§ Source data
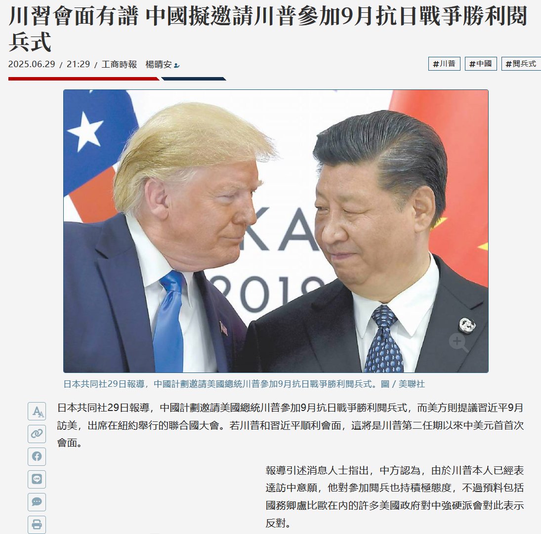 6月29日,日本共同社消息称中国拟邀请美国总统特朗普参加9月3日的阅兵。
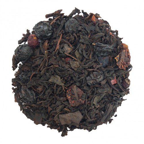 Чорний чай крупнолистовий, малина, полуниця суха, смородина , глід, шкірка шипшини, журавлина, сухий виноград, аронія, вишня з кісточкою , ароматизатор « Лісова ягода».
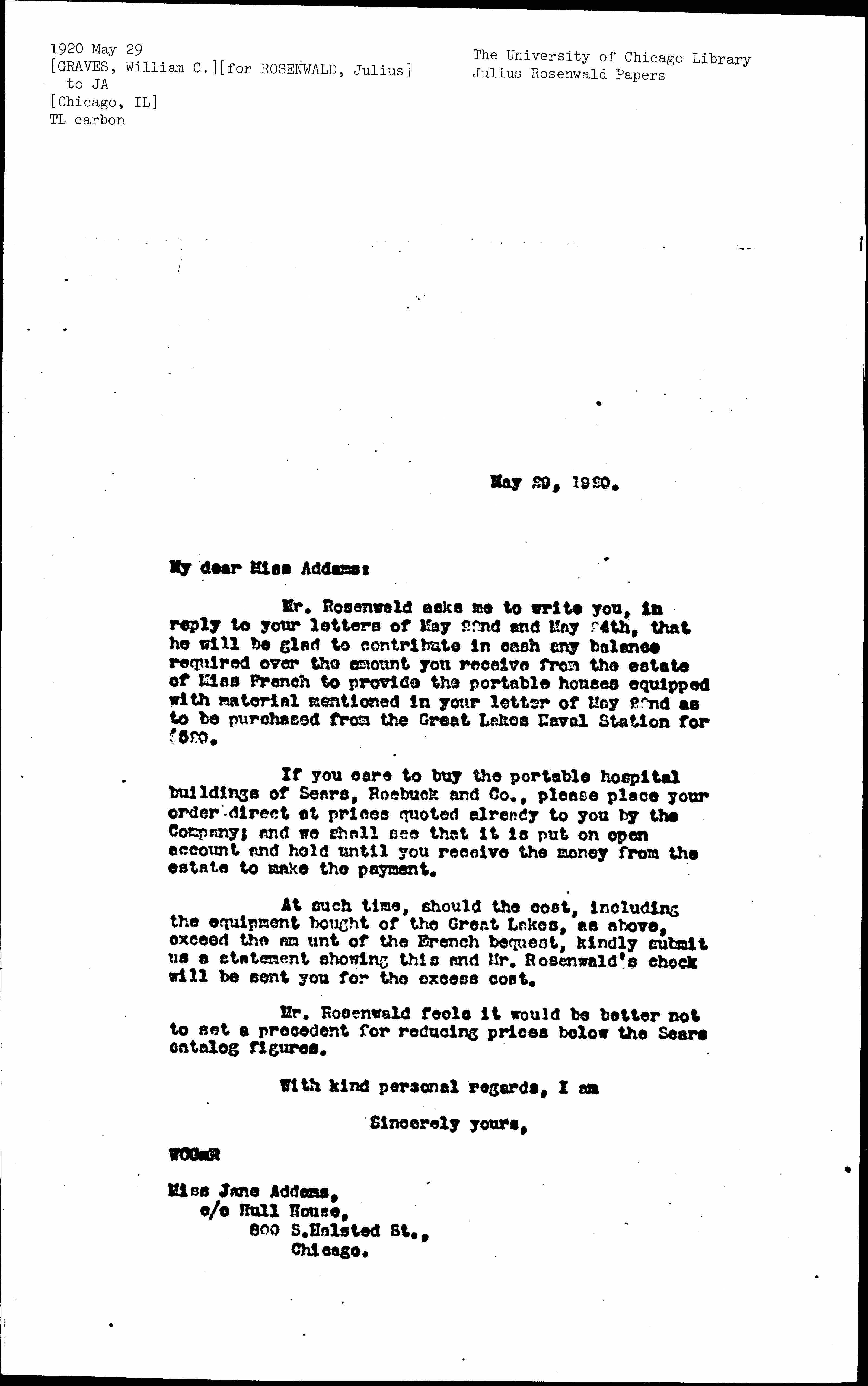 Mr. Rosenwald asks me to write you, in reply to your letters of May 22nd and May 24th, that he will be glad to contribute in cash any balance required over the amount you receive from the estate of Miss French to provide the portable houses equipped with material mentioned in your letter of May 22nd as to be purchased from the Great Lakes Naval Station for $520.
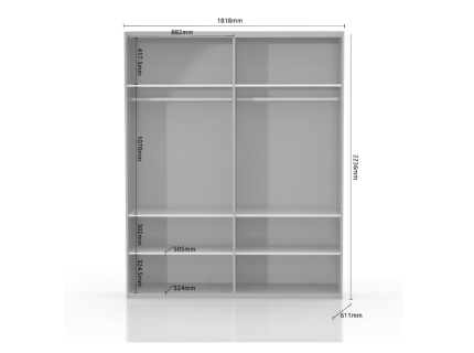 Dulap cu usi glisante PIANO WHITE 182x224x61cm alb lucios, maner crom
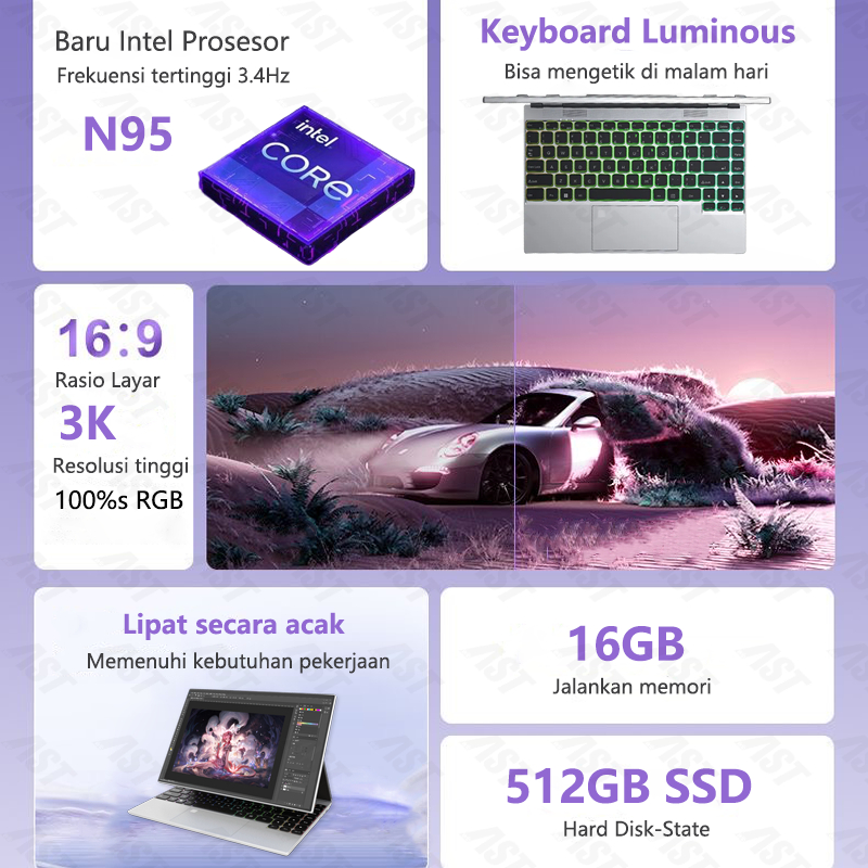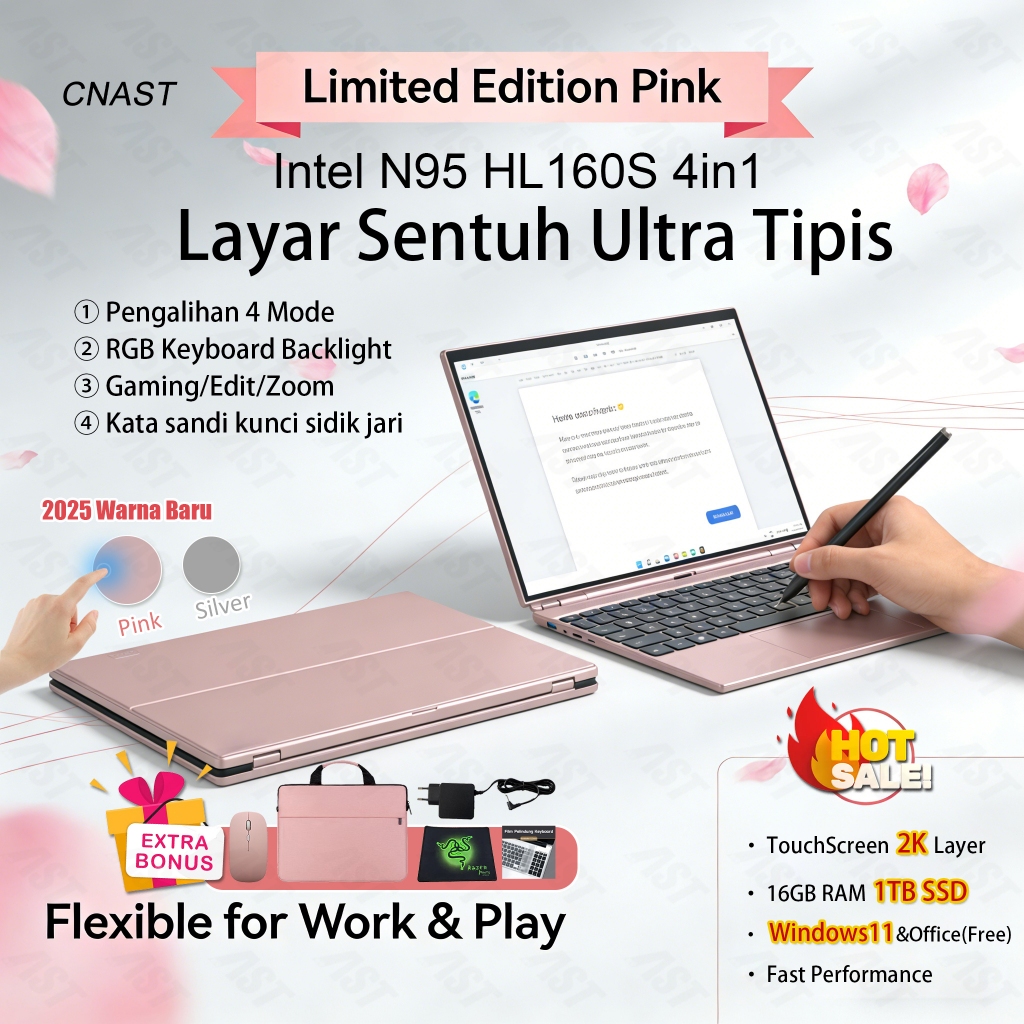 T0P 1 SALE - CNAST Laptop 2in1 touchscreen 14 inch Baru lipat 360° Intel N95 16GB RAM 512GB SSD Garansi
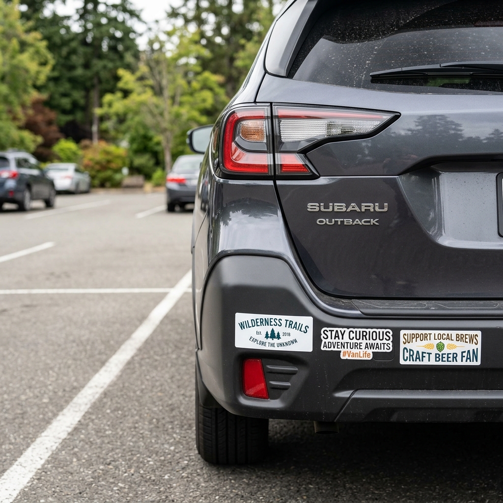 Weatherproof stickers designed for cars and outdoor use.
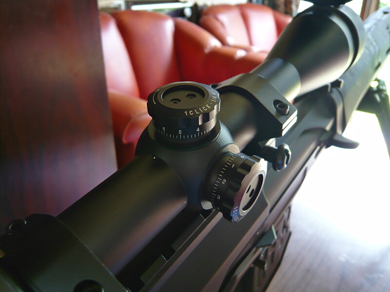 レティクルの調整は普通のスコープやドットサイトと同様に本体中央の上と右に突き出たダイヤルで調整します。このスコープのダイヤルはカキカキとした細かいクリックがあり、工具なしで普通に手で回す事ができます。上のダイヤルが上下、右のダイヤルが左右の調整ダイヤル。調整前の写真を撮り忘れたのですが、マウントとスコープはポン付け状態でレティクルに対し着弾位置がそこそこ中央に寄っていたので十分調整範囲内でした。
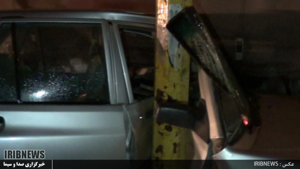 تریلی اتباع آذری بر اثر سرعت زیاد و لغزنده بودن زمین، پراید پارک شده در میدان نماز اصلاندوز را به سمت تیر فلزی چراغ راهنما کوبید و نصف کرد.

---

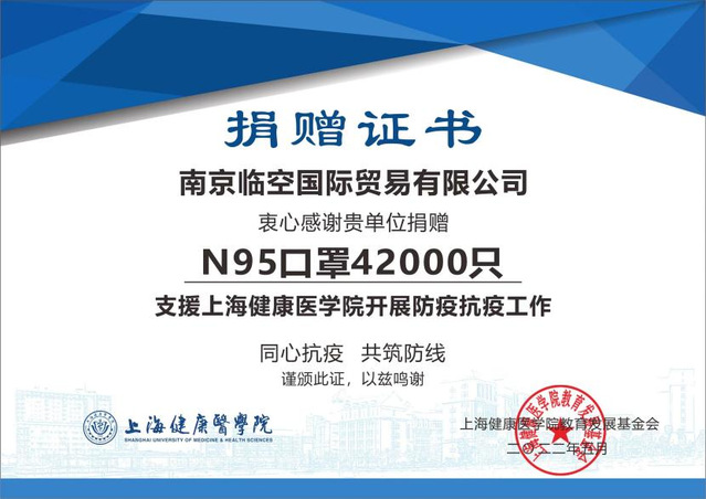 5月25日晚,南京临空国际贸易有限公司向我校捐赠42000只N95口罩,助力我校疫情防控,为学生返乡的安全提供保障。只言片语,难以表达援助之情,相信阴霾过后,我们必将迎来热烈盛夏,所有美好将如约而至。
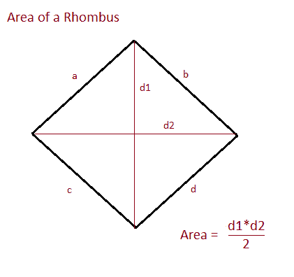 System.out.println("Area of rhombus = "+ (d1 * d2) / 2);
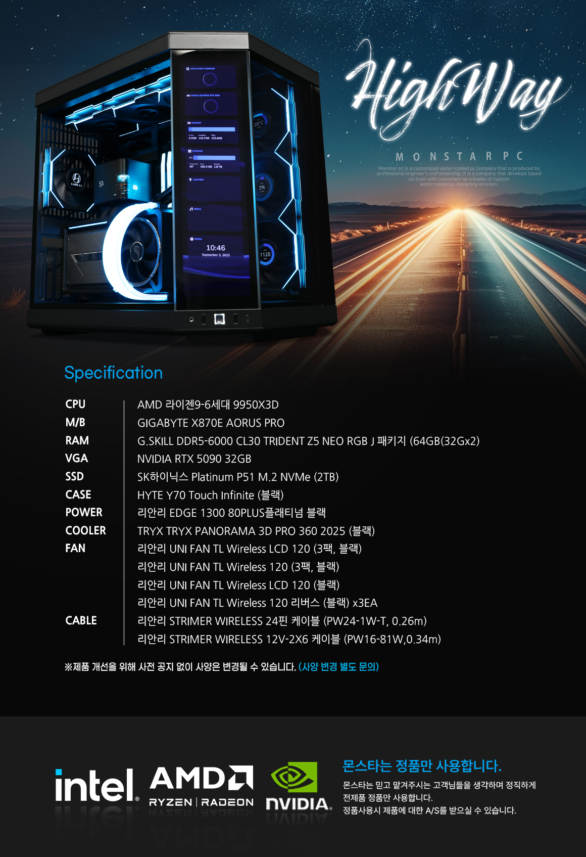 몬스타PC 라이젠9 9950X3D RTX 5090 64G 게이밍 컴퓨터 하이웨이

* * *

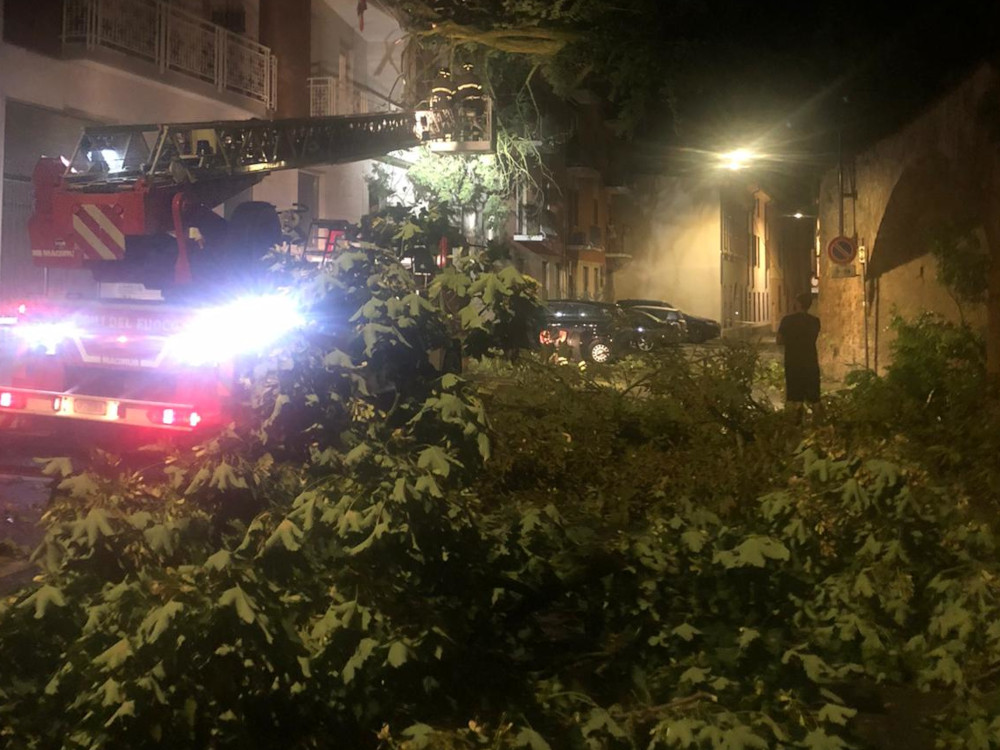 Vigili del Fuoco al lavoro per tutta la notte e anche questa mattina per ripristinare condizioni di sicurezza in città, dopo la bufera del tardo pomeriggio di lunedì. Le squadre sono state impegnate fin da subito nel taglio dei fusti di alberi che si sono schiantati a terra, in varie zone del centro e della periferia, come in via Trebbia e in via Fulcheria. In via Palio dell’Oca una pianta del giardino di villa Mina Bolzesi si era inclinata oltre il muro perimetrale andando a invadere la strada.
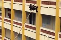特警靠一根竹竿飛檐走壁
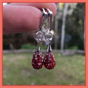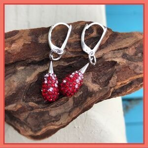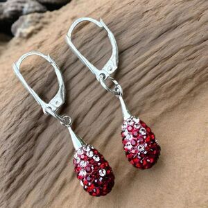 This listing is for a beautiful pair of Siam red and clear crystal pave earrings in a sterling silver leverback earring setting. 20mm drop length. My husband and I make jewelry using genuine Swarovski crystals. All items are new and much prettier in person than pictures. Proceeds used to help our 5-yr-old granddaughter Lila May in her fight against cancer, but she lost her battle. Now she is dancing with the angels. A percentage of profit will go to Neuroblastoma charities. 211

§ Aim of the exercise
Look above for the line with "6月29日,日本共同社消息称中国拟邀请美国总统特朗普参加9月3日的阅兵。", then give again exactly every line from there through the line with "レティクルの調整は普通のスコ", skipping the pictures.

§ Task solution
 6月29日,日本共同社消息称中国拟邀请美国总统特朗普参加9月3日的阅兵。
 Чорний чай крупнолистовий, малина, полуниця суха, смородина , глід, шкірка шипшини, журавлина, сухий виноград, аронія, вишня з кісточкою , ароматизатор « Лісова ягода».
 Mr. Rosenwald asks me to write you, in reply to your letters of May 22nd and May 24th, that he will be glad to contribute in cash any balance required over the amount you receive from the estate of Miss French to provide the portable houses equipped with material mentioned in your letter of May 22nd as to be purchased from the Great Lakes Naval Station for $520.
 Dulap cu usi glisante PIANO WHITE 182x224x61cm alb lucios, maner crom
 T0P 1 SALE - CNAST Laptop 2in1 touchscreen 14 inch Baru lipat 360° Intel N95 16GB RAM 512GB SSD Garansi
 Weatherproof stickers designed for cars and outdoor use.
 レティクルの調整は普通のスコープやドットサイトと同様に本体中央の上と右に突き出たダイヤルで調整します。このスコープのダイヤルはカキカキとした細かいクリックがあり、工具なしで普通に手で回す事ができます。上のダイヤルが上下、右のダイヤルが左右の調整ダイヤル。調整前の写真を撮り忘れたのですが、マウントとスコープはポン付け状態でレティクルに対し着弾位置がそこそこ中央に寄っていたので十分調整範囲内でした。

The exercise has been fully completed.